Смежив веки она, как была, на коленях, принялась раскачиваться из стороны в сторону, упрекая мужа:
– Отчего ты тако обошелся со мною? Куда ты ушел? Зачем ты от меня ушел? Почему ты меня оставил? Зачем тебе туда? Тебя там…
И она в ужасе зажала рот ладонью. Глянула на Богородицу – Та смотрела Прасковье куда-то за спину, далеко-далеко, мимо нее. Надо бы уже и с Ней поговорить, со Пречистою… Страшно! А ну как не подаст помощи?
Но потом отмякла и вновь начала укорять мужа.
– Федю-у-уша… Почему тебя нет со мной? Ты… непутевый… злющий… просто гад ползучий… безобразник… я так люблю тебя! Смерть, до чего люблю тебя!
Прасковья зажмурила глаза и закрыла их руками, едва сдерживая плач.
– Возвращайся же, Федюнечка, мой родной! Что я буду делать без тебя? Что мне делать без тебя одной? Феденька, ну что ты? Что же ты?! Где ты? Как ты без меня? Как мне тут без тебя?
Она все-таки заплакала. Слава Богу, дверь в горницу заперла, никто не видит…
А потом, собравшись с силами, обратилась к Богородице:
– Не дай мне мужа лишиться, Божья Матерь! Не дай дитяти без отца расти! Ты матерь, ты знаешь… Пожалей сыночка моего. Заступись! Проси за нас Иисуса Христа, Господа нашего, а Твоего Сына! Предстательствуй за нас! Пускай дарует Феденьке… то есть рабу Божию Феодору… здравие, пускай выручит его на боях с басурманами. А я… я все богатство наше к Твоим ногам положу… весь дом наш, всё серебро, всё хозяйствишко! Лишь бы вернулся живым здоровым. Храм во имя Твое возведем! На каменный денег нет, а на деревянный – поднатужимся, и станется… Молю Тебя, заступись, Пречистая!
На Орбатской улице, в доме опричного сотника Третьяка Тетерина, пред красным углом со иконами простерлась на полу Марфа, его жена. Сверху на нее смотрели, строго и печально, Богородица с Младенцем.
Многое хотела сказать Ей Марфа. Всё утро думала, перебирала слова, яко драгоценные бисеринки, складывала из них узор, перекладывала, добавляла то и это, а осенив себя крестным знамением, онемела.

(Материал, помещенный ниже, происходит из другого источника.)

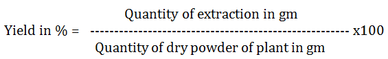 Successive solvent extraction yield % values in various organic solvent were observed as ethanol, with all parts of the plant (table 1).
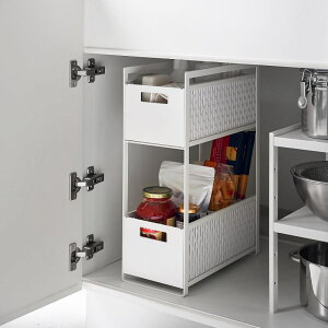 ●扉タイプのシンク下空間を有効活用! ●スライド式のバスケット2段タイプ。 ●スパイス・缶詰・レトルト食品・掃除道具などのストックに。 ●背の高い調味料・洗剤・ペットボトルなどの収納に便利。 ●洗面台下のラックとしてドライ
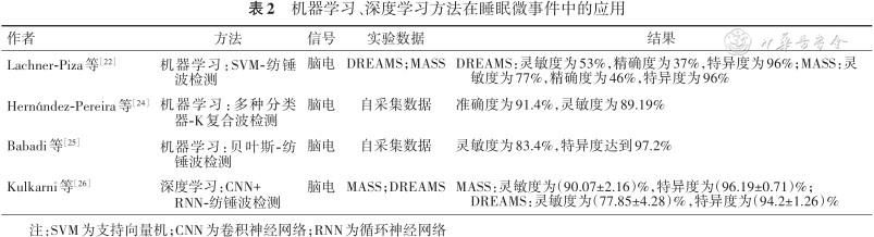 近几年随着AI技术的发展,研究人员逐渐开始利用机器学习和深度学习的方法来实现睡眠微事件的识别。表2列举了部分基于机器学习和深度学习的睡眠微事件识别研究方法。
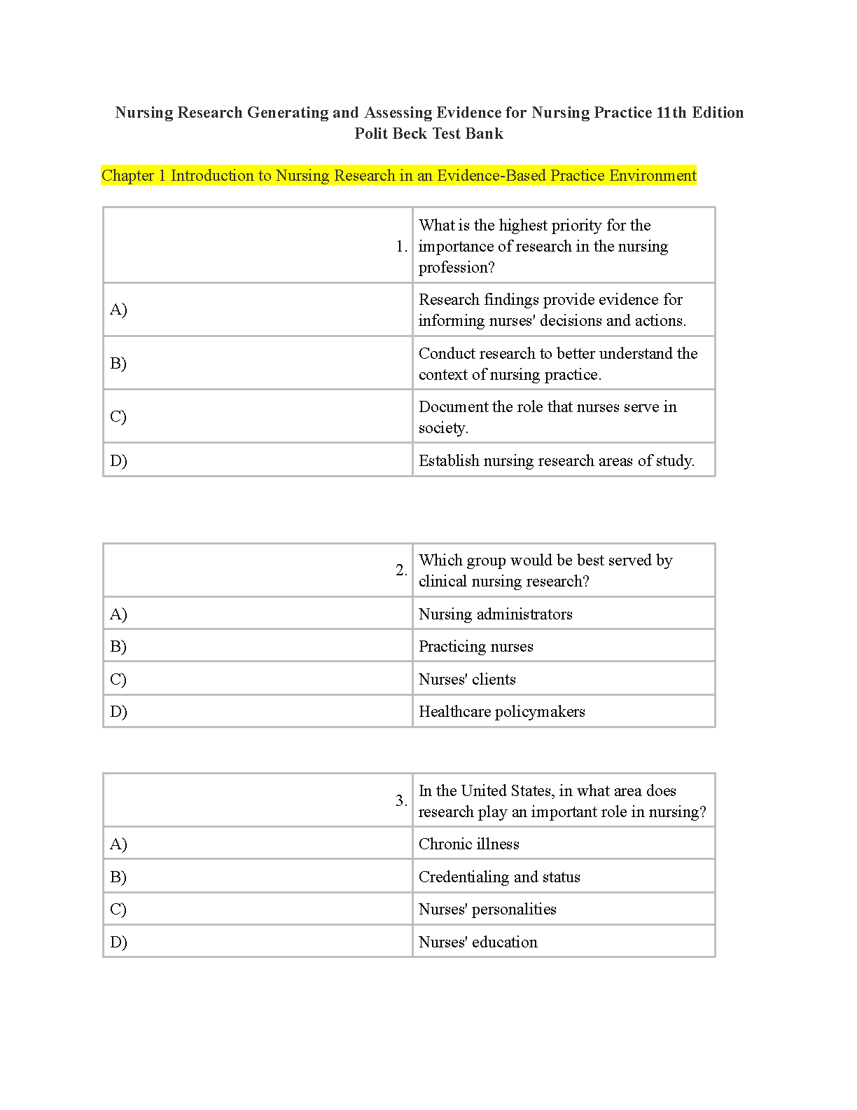Nursing Research: Generating and Assessing Evidence for Nursing Practice, 11th Edition Test Bank by Denise F. Polit and Cheryl Tatano Beck
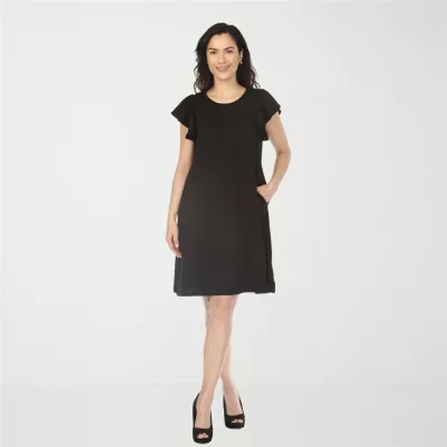 Ignite Evenings Petite Size Shimmer Tiered Ruffle V-Neck Embellishment Short Flutter Sleeve Shift Dress

Что Ей сказать? Как Ей сказать? Она Сама всё видит и всё знает. Надо просить за него…
Ведь помнила же, столько правильных молитвенных слов помнила только что, а теперь все они разбежались, яко непослушное стадо у худого пастуха. Одно в голове стоит, только одно…
Она зарыдала, завыла, ударила лбом об пол и протянула к иконе руки. В горле стоял ком, долго не получалось у Марфы справиться с ним, но наконец возмогла, протолкнула несколько слов:
– Верни мне его живы-ым! Я без него жить не могу! Верни-и!
Упала на пол, колени поджала к груди, плакала и выла неудержимо, жалея мужа как часть самой себя.
– Царица Небесная! Погляди на цве-то-чек свой малый, на меня. Я… Я не блудное мыслю… не для того… Ничего для себя не прошу. Ничего све… сквер-но-го в душе не таю. Мужу не изменю. Токмо об одном молю: пусть
Зырянка перекрестилась и отдала иконе земный поклон, еще один и еще.
К ней зашел муж.
«Слышал ли Касьян мой? Или не слышал?» – в ужасе думала Анфуса.
Касьян глядел на нее, устало улыбаясь.
О ком ей молиться в одиночестве с таковым жаром? Ради кого речные ее глаза роняют соленую воду?
Повинуясь внезапному чувству, зырянка бросилась к нему, обняла, щекой прижалась к груди. Рукою огладила лицо. Родной. Тоже родной…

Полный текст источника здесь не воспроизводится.